11. Bölüm "Deniz ve Mehtap - Giriş"

2.6K 270 22
                                    

Günümüz (6 Ağustos)... İstanbul...

Bir aşağı bir yukarı yürüyorum Hazal Hanımın ofisinde.

Bakışlarım, istikrarla birbiriyle yarışan adımlarıma tutunuyor. Kafamın içinde şelale misali akan düşünceler aynı adımlarım gibi; bir an biri, diğer an öteki öne geçiyor. Beni delirmeye sürüklemekten başka bir işe yaramıyorlar.

Karşıma ketum duvarlardan biri çıkınca parmak uçlarımda geriye dönüp odanın diğer ucuna yürümeye başlıyorum. Odaya girdiğimden beri yirmi üçüncü kez tekrarladım bunu.

"Eylül?"

Hazal Hanım üçüncü kez sesleniyor bana.

Konuşmayı canım istemiyor, o yüzden yumuşak sesi kulağıma ulaşana kadar ezilip havaya karışmış gibi davranıyorum.

İkiyüzlülük, bu olsa gerek...

Bana bir saat ayırabilmesi için önceki gün büyük bir telaşla yalvarıp burada onu neredeyse yok sayarmış gibi durmak.

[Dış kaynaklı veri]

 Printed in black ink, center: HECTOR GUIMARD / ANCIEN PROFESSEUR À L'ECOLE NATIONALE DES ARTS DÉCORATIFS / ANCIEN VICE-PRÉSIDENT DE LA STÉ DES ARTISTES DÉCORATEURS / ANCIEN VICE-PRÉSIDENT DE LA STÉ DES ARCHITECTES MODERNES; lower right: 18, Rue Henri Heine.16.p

Aklım çok karışık, karışık, karışık...

"Demek en başa döndük..." diyor daha sonra.

Adımlarım duruyor.

Kafamdaki geveze ses susuyor.

Dediklerini tartmaya başlıyorum.

Haklı, diye düşünüyorum. Boşunaymış her şey...

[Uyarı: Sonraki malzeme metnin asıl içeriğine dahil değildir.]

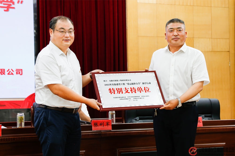 隨后,團市委書記汝磊向昊源公司頒發(fā)2022年阜陽希望工程“愛心圓夢大學”助學行動特別支持單位獎牌,感謝昊源公司多年來對愛心助學行動等公益事業(yè)的大力支持。
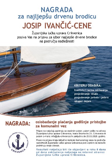 Županijska lučka uprava Crikvenica poziva Vas na prijavu za izbor najljepše drvene brodice na području nadležnosti. Nagrada Josip (Joško) Ivančić Cene nosi naziv po najistaknutijem brodograditelju crikveničkog kraja koji je u svojoj radionici proizveo više od 50 plovila od kojih mnoga i danas krase crikveničke luke i razna druga mjesta na Jadranu.
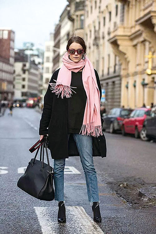 拼色围巾也是非常抢眼的新颖单品,活跃的颜色碰撞最能丰富整体的看点了。

Kadehlerce bahaneyle sarhoş olmuş olsam da gerçekler yavaş yavaş ayılıp kendilerine geliyor.

Boşuna...

Nafile...

Beyhude...

Aynı volta atışım gibi, çabalıyorum ama bir yere varamıyorum. En başa geri dönüyorum. Olduğum yerde saymaktan başka bir şey değil bu...

52 gün.

"52 gün..." diyorum sesli bir şekilde düşünerek. "Boşunaymış."

Nefesim her bir hecede parçalanıp harf harf ellerime dökülüyor.

"Sana bu acil görüşmenin nedenini sormadan önce, Eylül, seni benim yanıma getiren ilk olaya geri dönelim istiyorum."

Hatırlamak istemesem de ısrarla soruyor Hazal Hanım.

"Neden..." diye başlıyor, not defterini kapatıp gözlerimden o anıyı yakalamaya çalışır gibi bakıyor. "Neden evinizin oradaki ağacı kesmeye çalıştığını sorabilir miyim?"